* **Instructions to follow**
Would you transcribe the entries below, beginning at the line with "4月14日,山東省棗莊市公安" and ending after the line with "Key 2023 PDF |", exactly, with no picture and nothing more?

+++ Information

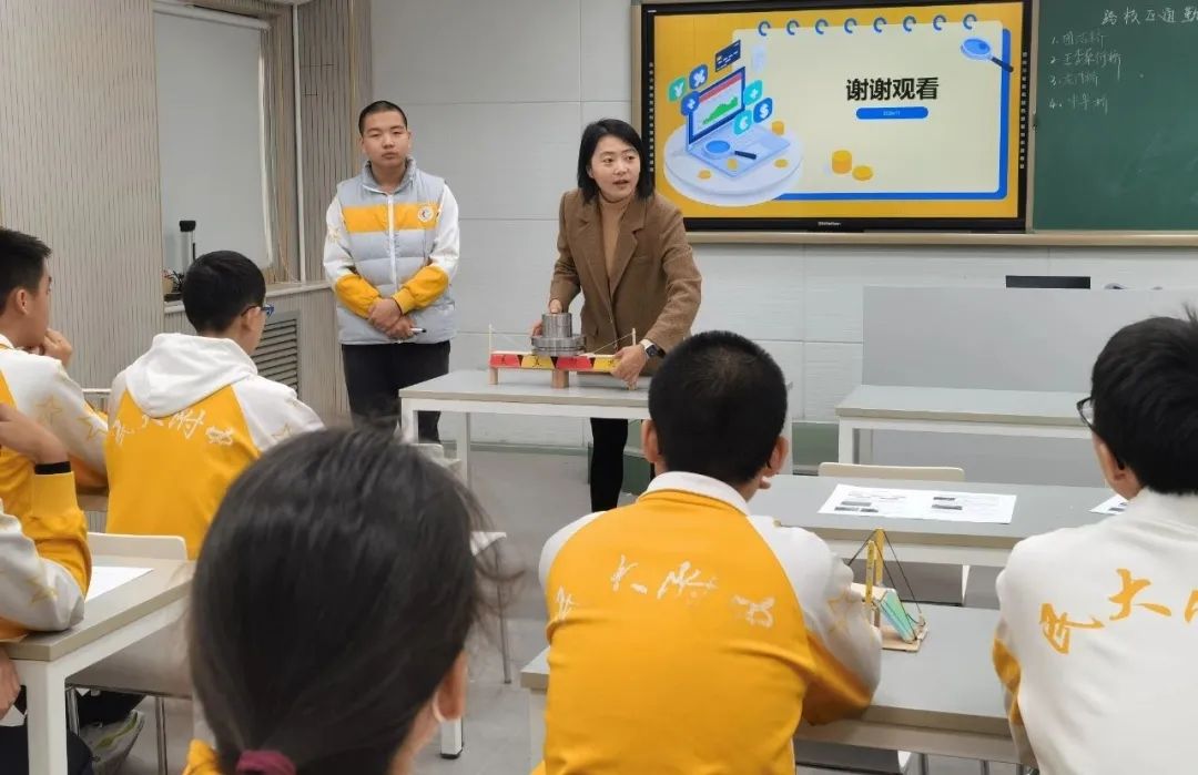 课堂展示之后,初三年级物理教师李超群进行了主题为《跨校区桥梁设计》的课题中期成果汇报。课题推进过程中充分利用人工智能技术以提高效率,帮助学生实现跨学科素养的提升。汇报完毕后,专家充分肯定了项目的设计理念和扎实进展,同时也在策略整合方面给出了可行性建议。
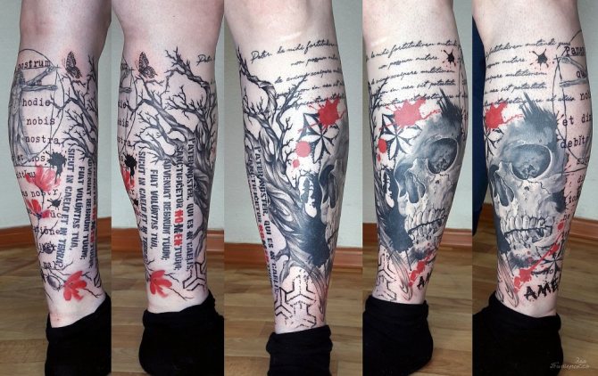 Visse områder af dit ben kan være forsynet med en ordforbindelse - eller en sætning, afhængigt af antallet af tegn. Ofte suppleres indskriften med et mønster, et design eller enkelte elementer. Blandt tatoveringsfans kan nævnes favoritterne: "Han (hun) går i tro", "Jeg finder vejen eller baner den selv", "Den hellige vej", "Vær modig, gå derhen, hvor du har det godt", "Han (hun) tror på sin styrke", "Vejen vil føre den, der går".
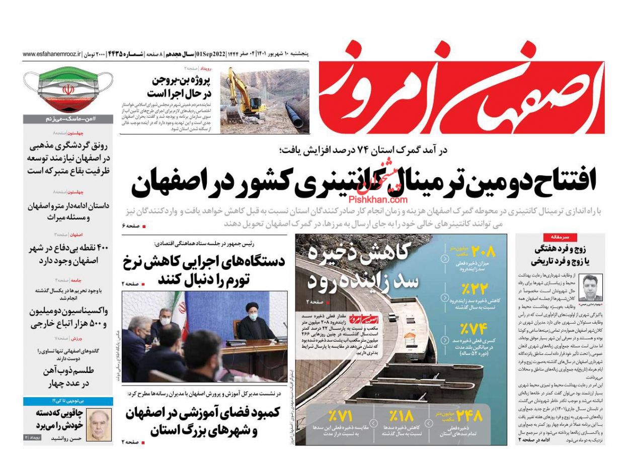 اصفهان امروز ، پنجشنبه ۱۰ شهريور
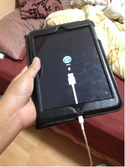 1、按住power开关3秒。2、接上在按power+home的同时屏幕变黑,默默的念10秒左右。3、放开power开关键,保持home键盘10多秒,长点也可以,屏幕是黑的
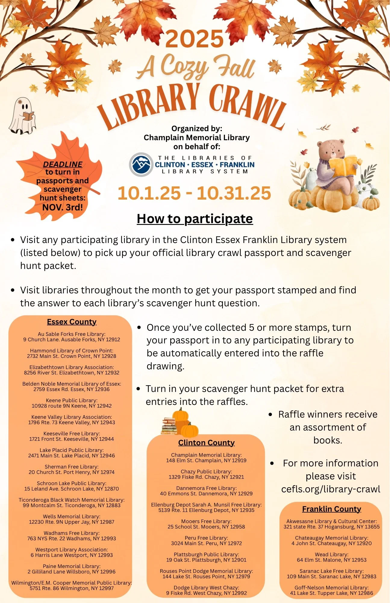 Visit any participating library in the Clinton-Essex-Franklin Library System to pick up your official library crawl passport and scavenger hunt packet.
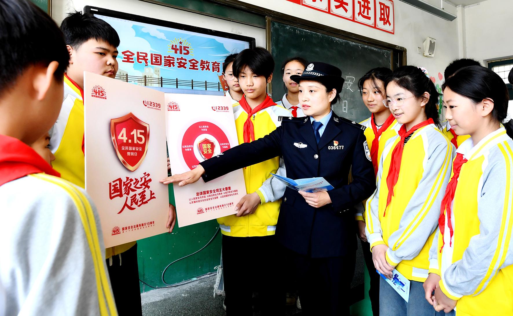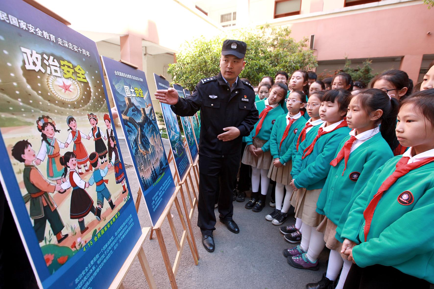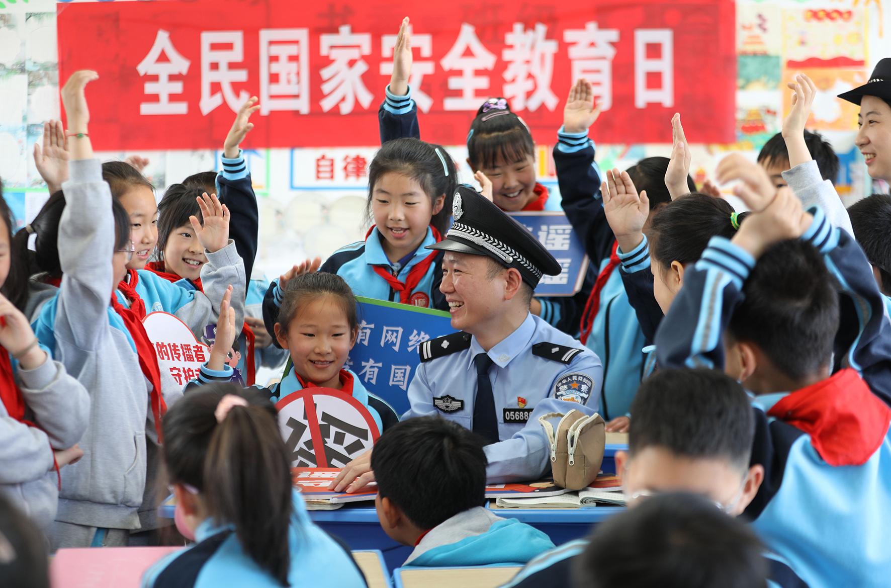 4月14日,山東省棗莊市公安局臺兒莊分局民警走進(jìn)明遠(yuǎn)實驗小學(xué)開展全民國家安全教育日進(jìn)校園活動。
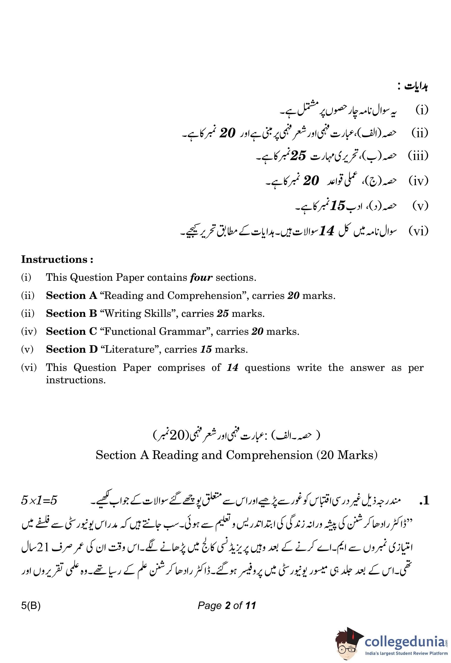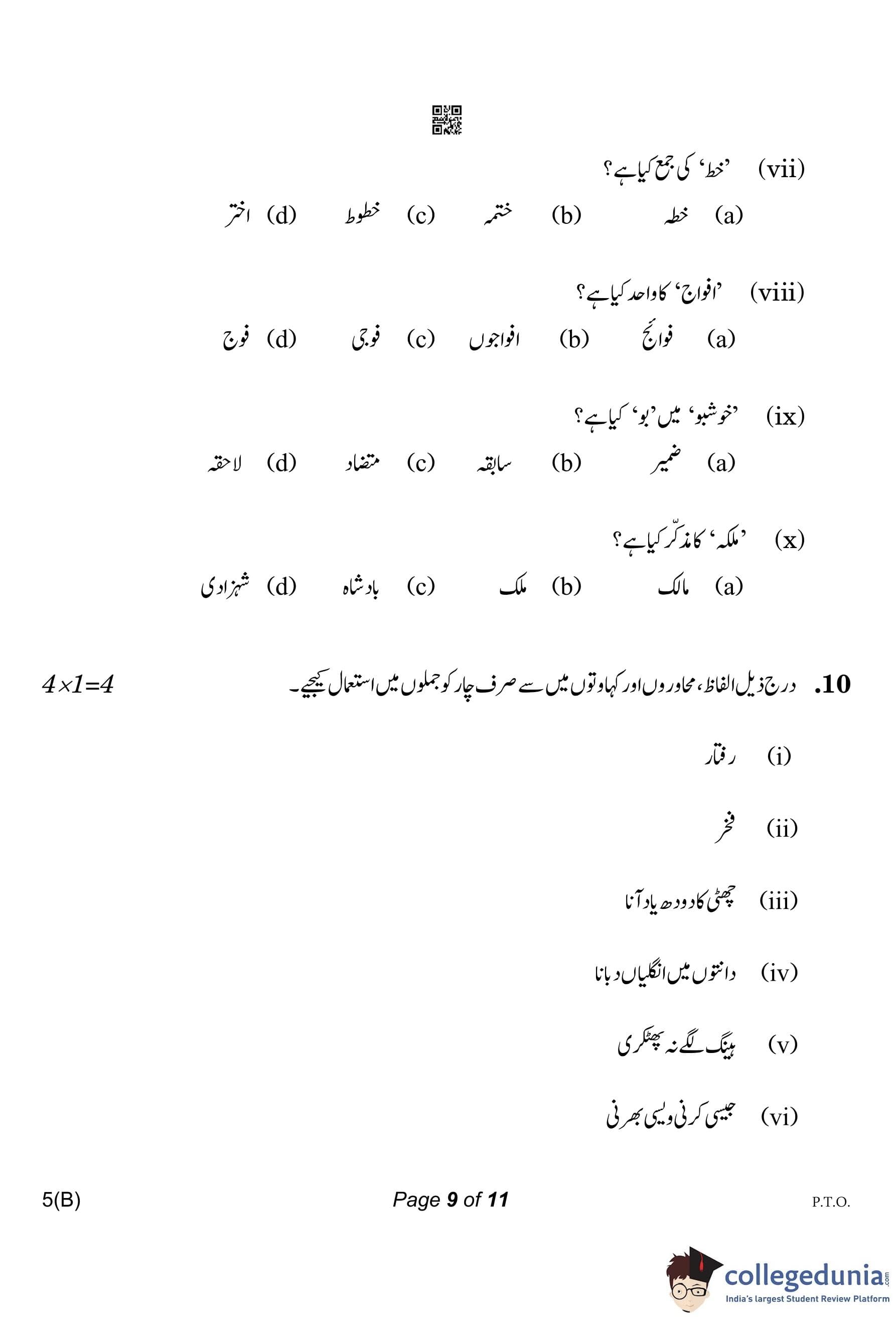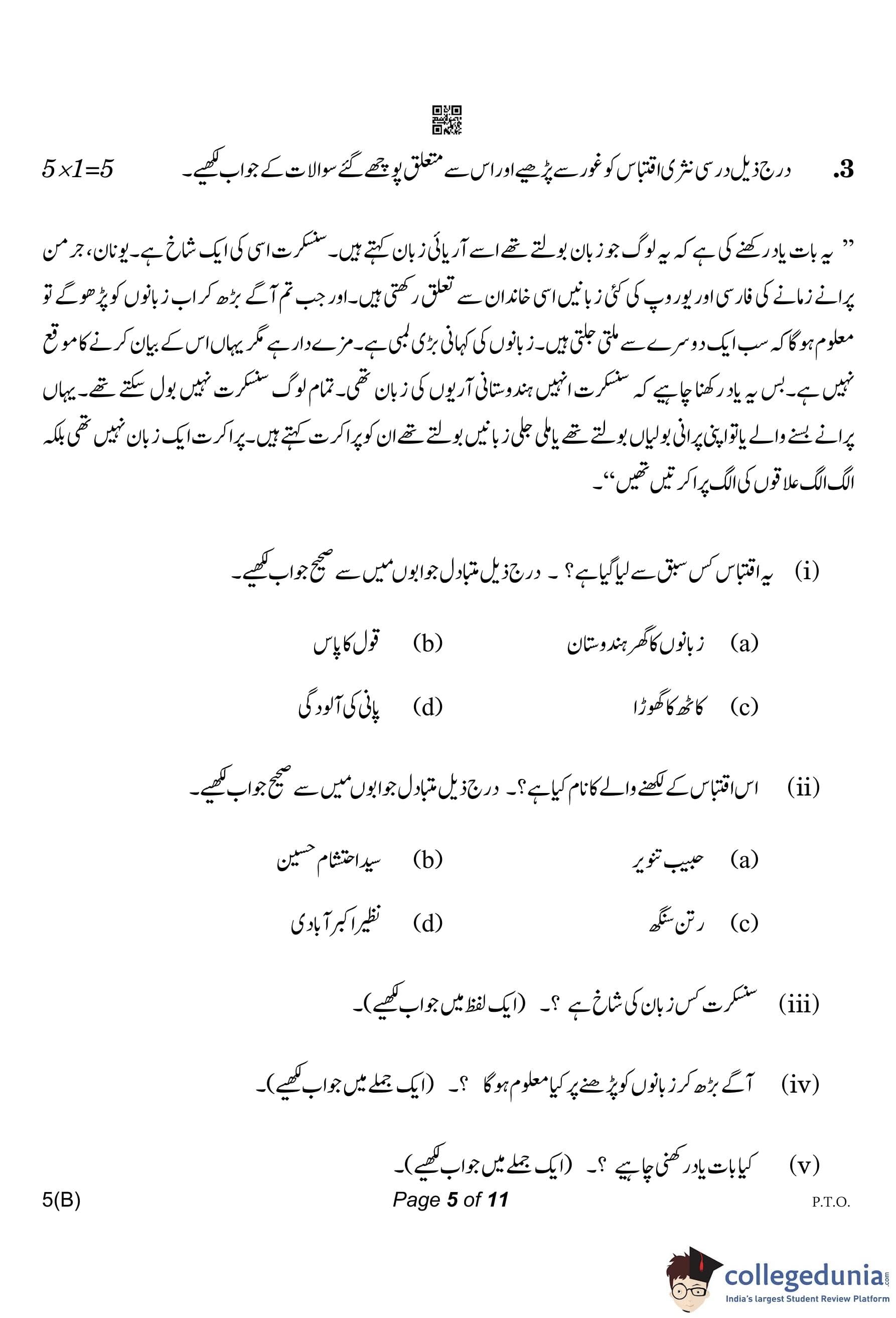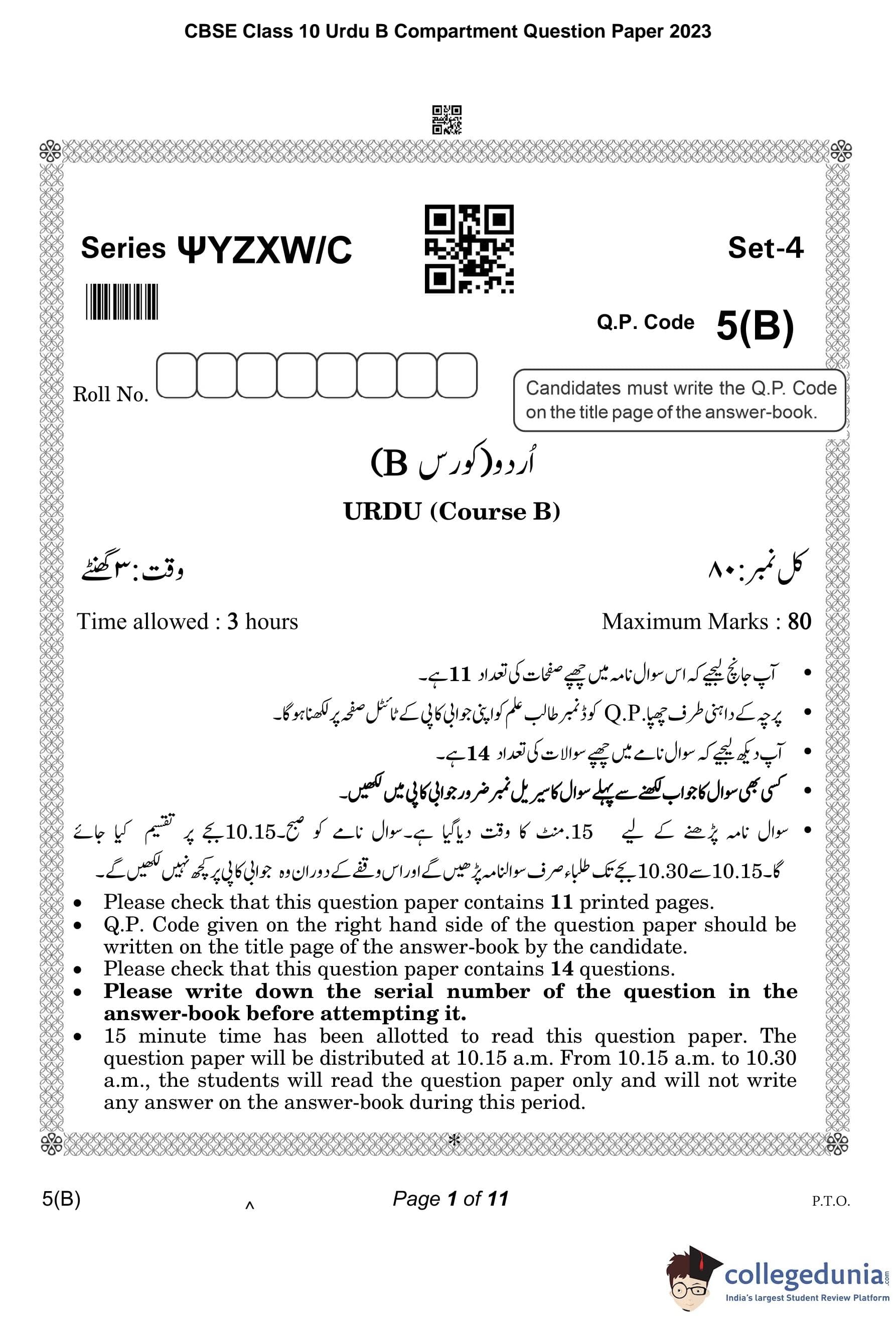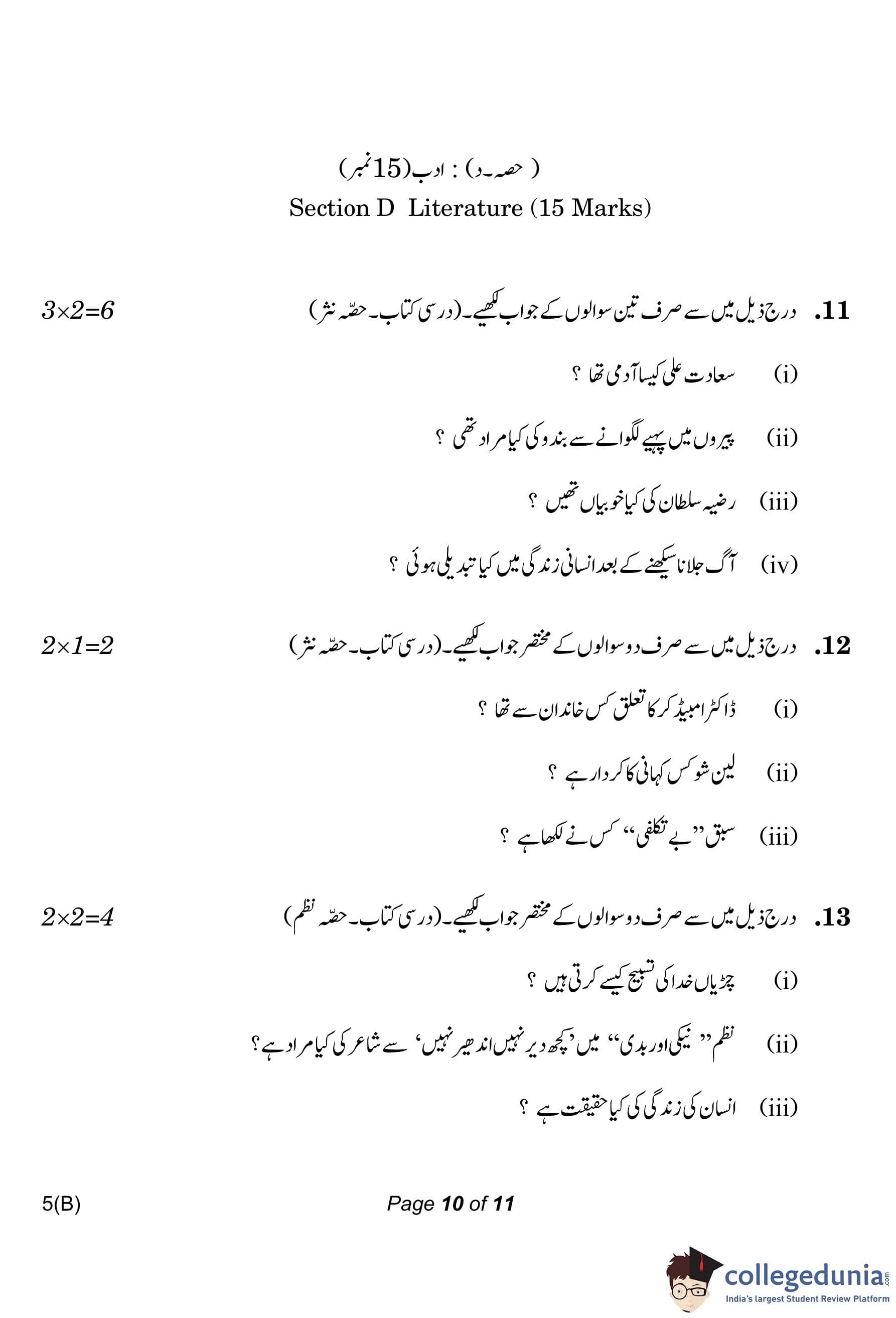 | CBSE Class 10 Urdu B Question Paper 2023 PDF | CBSE Class 10 Urdu B Answer Key 2023 PDF |
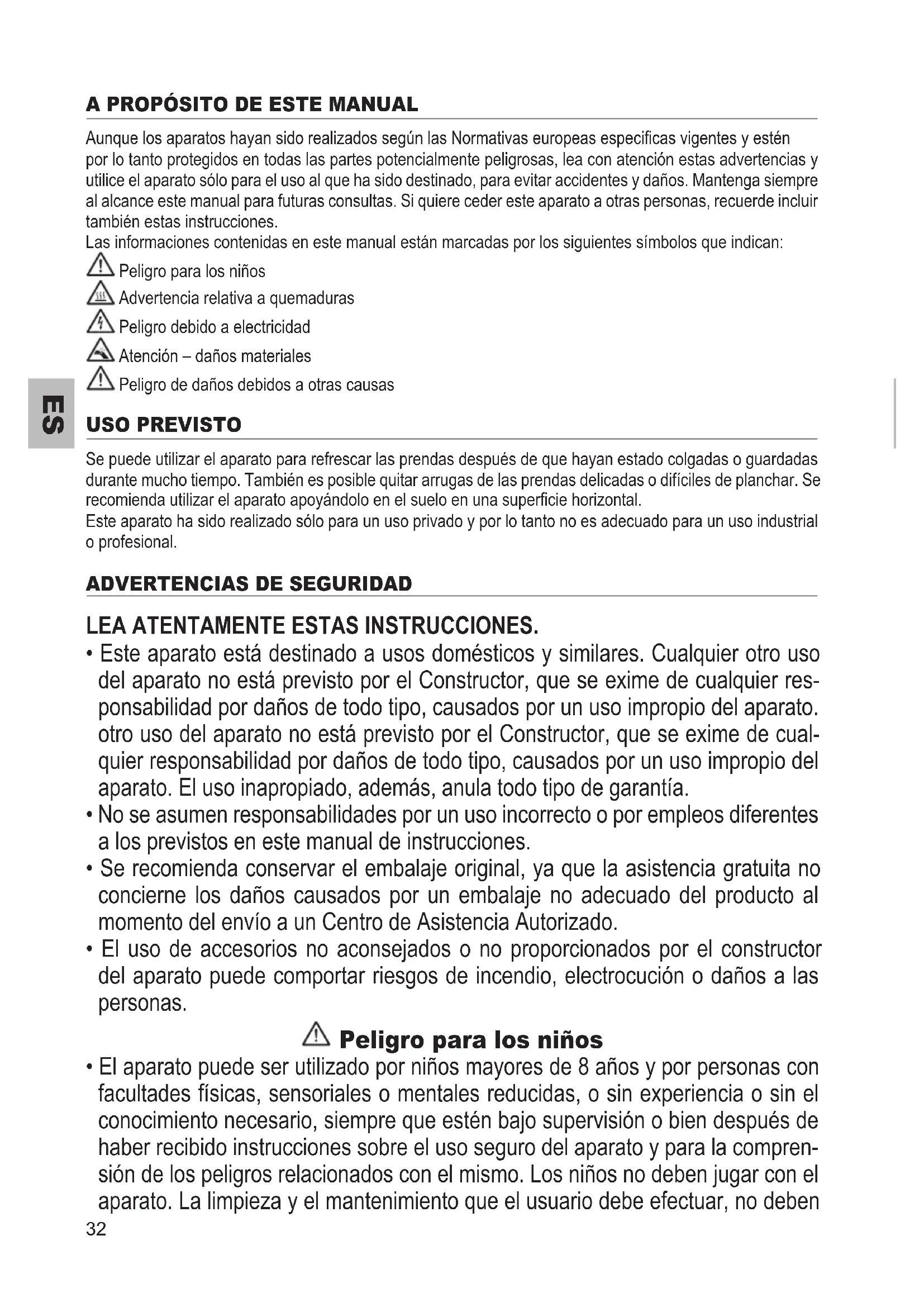 Aunque los aparatos hayan sido realizados según las Normativas europeas especicas vigentes y estén por lo tanto protegidos en todas las partes potencialmente peligrosas, lea con atención estas advertencias y utilice el aparato sólo para el uso al que ha sido destinado, para evitar accidentes y daños. Mantenga siempre al alcance este manual para futuras consultas. Si quiere ceder este aparato a otras personas, recuerde incluir también estas instrucciones. Las informaciones contenidas en este manual están marcadas por los siguientes símbolos que indican: Peligro para los niños Advertencia relativa a quemaduras Peligro debido a electricidad Atención – daños materiales Peligro de daños debidos a otras causas USO PREVISTO Se puede utilizar el aparato para refrescar las prendas después de que hayan estado colgadas o guardadas durante mucho tiempo. También es posible quitar arrugas de las prendas delicadas o difíciles de planchar. Se recomienda utilizar el aparato apoyándolo en el suelo en una supercie horizontal. Este aparato ha sido realizado sólo para un uso privado y por lo tanto no es adecuado para un uso industrial o profesional.

++++++

* **Problem solution**
 4月14日,山東省棗莊市公安局臺兒莊分局民警走進(jìn)明遠(yuǎn)實驗小學(xué)開展全民國家安全教育日進(jìn)校園活動。
 | CBSE Class 10 Urdu B Question Paper 2023 PDF | CBSE Class 10 Urdu B Answer Key 2023 PDF |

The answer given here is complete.